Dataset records
******************************

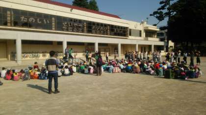 晴れ渡る晴天の下、川場移動教室の出発式が始まりました。
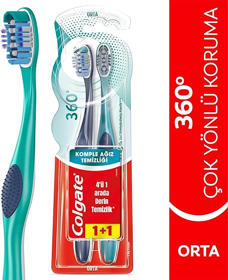 360 Komple Ağız Temizliği Çok Yönlü Koruma Orta Diş Fırçası 1+1
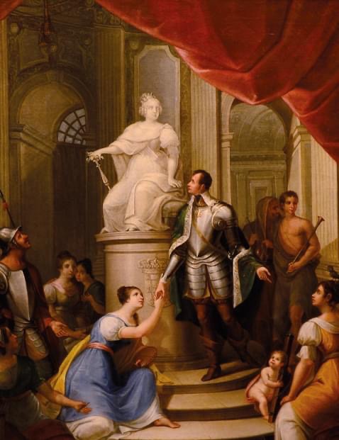Na imagem, alegoria à Instituição da Academia das Belas Artes, de Norberto José Ribeiro, 1840.
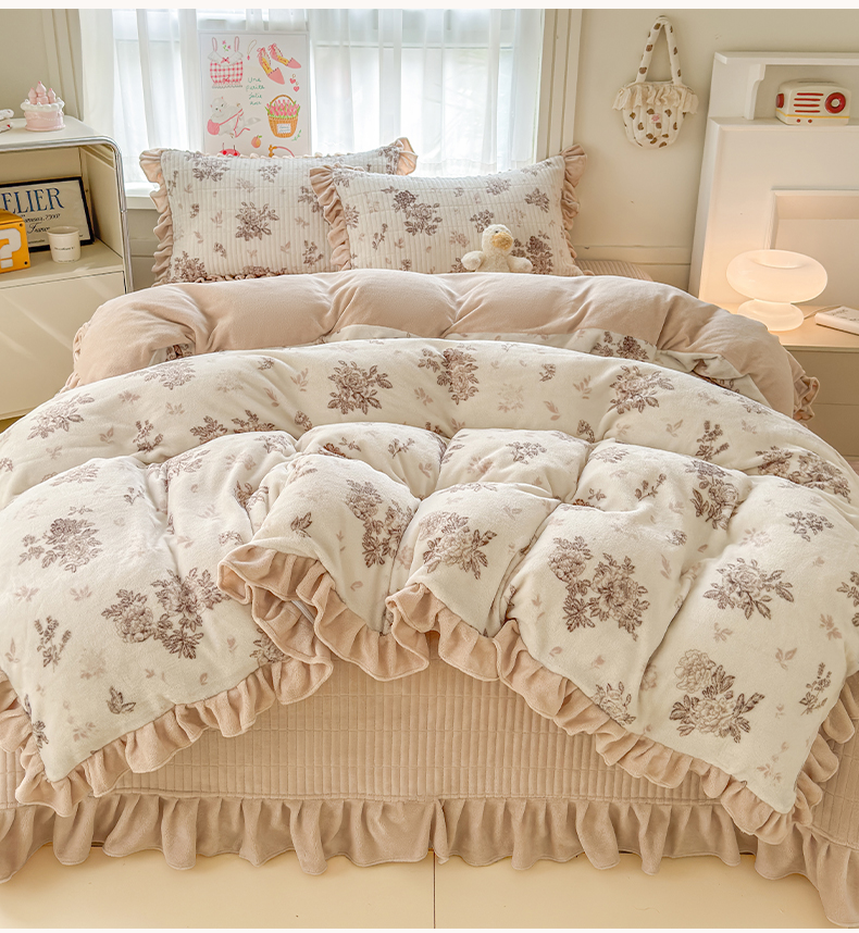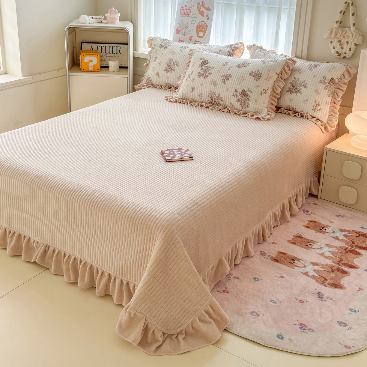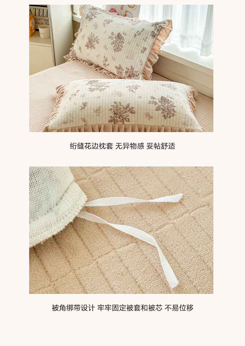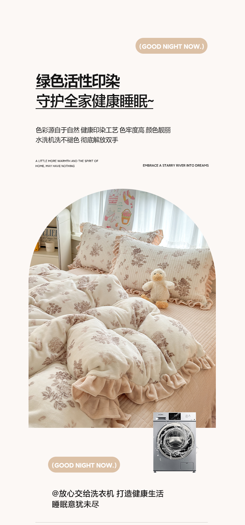 2025新款高克重牛奶绒花边床盖款系列四件套
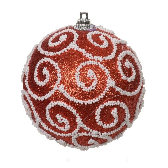Cj 3 Bolas Decorada Natal com Glitter Vermelho e Branco 8cm

******************************

Reproduce, word for word, every line from the start of the records down to and including the line with "2025新款高克重牛奶绒花边床盖款系列四件套"; skip the pictures.

 晴れ渡る晴天の下、川場移動教室の出発式が始まりました。
 360 Komple Ağız Temizliği Çok Yönlü Koruma Orta Diş Fırçası 1+1
Na imagem, alegoria à Instituição da Academia das Belas Artes, de Norberto José Ribeiro, 1840.
 2025新款高克重牛奶绒花边床盖款系列四件套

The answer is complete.